• [Supplied data]:
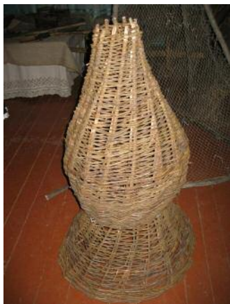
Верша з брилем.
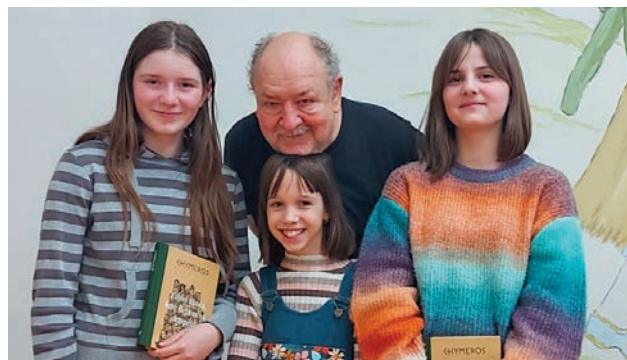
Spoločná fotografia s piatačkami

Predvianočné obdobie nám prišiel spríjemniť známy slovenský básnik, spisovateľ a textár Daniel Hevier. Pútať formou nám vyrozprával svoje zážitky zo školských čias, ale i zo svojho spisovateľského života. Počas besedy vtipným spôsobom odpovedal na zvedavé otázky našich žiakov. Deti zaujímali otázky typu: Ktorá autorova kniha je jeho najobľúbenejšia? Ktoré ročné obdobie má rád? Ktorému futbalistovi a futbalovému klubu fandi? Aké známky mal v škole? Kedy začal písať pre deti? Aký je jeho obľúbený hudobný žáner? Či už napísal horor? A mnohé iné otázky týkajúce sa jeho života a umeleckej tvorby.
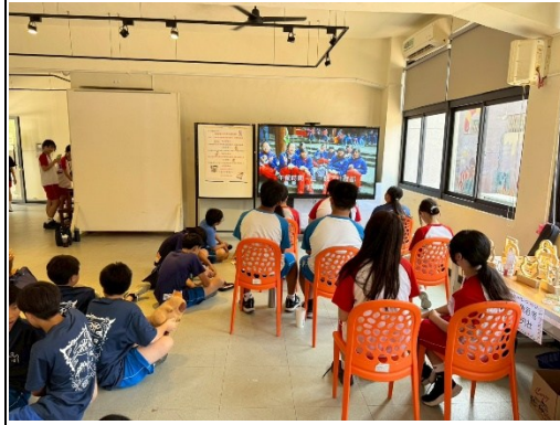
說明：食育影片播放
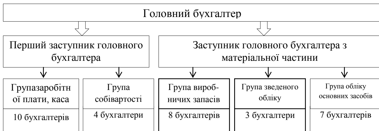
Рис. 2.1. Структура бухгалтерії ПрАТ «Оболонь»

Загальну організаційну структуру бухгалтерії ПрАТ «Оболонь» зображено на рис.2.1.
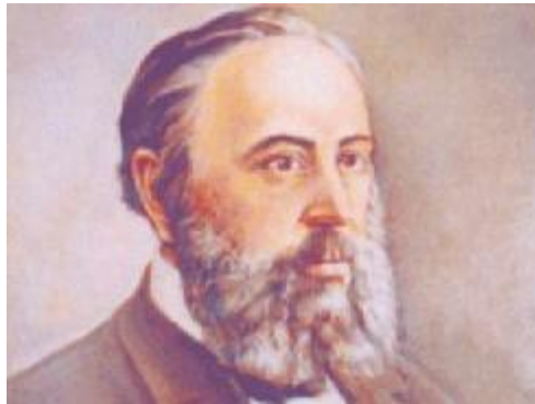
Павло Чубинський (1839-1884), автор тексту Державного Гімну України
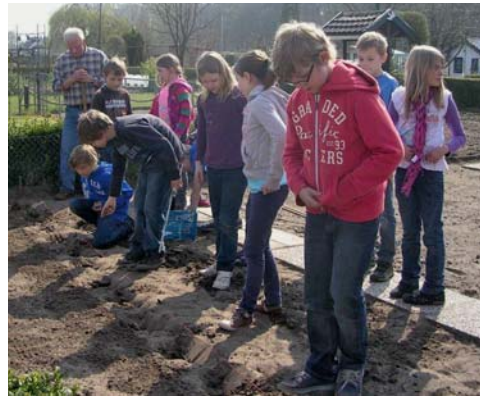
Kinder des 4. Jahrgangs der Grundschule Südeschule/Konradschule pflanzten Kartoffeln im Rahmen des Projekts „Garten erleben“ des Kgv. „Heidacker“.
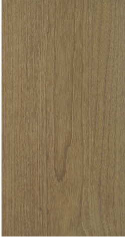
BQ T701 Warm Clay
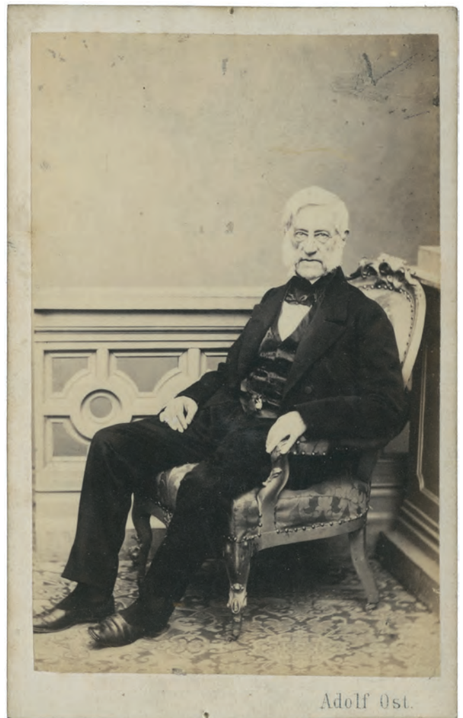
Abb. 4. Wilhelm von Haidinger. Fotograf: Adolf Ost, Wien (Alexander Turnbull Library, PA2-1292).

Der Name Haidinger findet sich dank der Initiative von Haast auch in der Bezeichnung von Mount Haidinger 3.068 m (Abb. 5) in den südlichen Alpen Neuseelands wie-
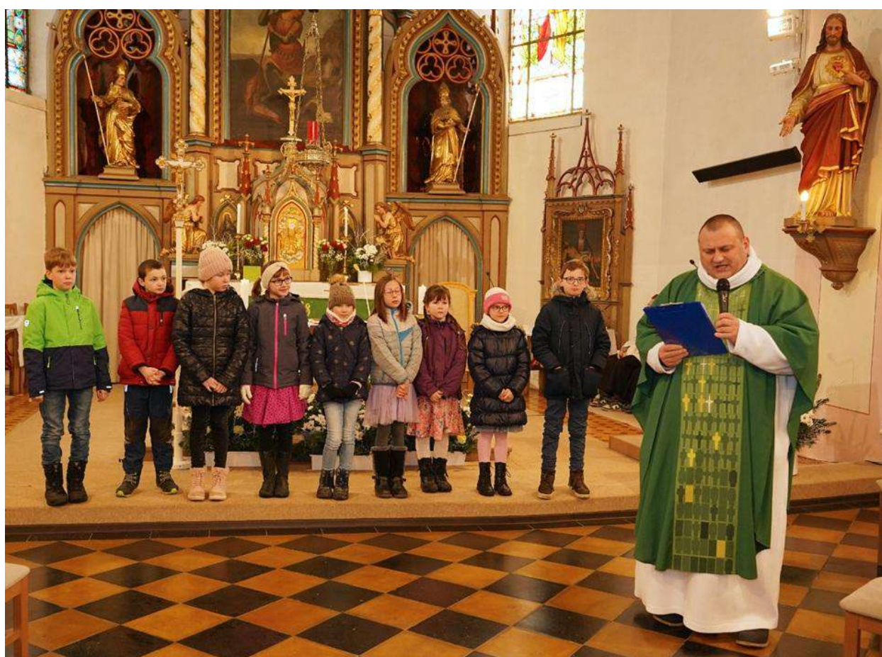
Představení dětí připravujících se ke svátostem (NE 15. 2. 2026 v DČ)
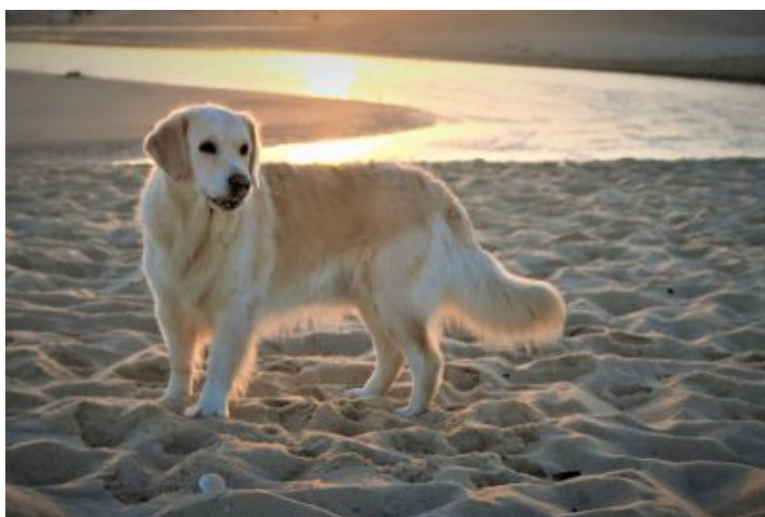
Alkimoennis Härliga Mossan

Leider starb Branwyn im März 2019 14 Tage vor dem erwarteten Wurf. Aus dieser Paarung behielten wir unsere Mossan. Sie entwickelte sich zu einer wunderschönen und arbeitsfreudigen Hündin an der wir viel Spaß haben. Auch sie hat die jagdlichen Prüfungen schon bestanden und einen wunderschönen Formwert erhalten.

• [Exercise details]: Every line containing the word "sich" must be copied from the material above.

• [Response to the exercise]:
Der Name Haidinger findet sich dank der Initiative von Haast auch in der Bezeichnung von Mount Haidinger 3.068 m (Abb. 5) in den südlichen Alpen Neuseelands wie-
Leider starb Branwyn im März 2019 14 Tage vor dem erwarteten Wurf. Aus dieser Paarung behielten wir unsere Mossan. Sie entwickelte sich zu einer wunderschönen und arbeitsfreudigen Hündin an der wir viel Spaß haben. Auch sie hat die jagdlichen Prüfungen schon bestanden und einen wunderschönen Formwert erhalten.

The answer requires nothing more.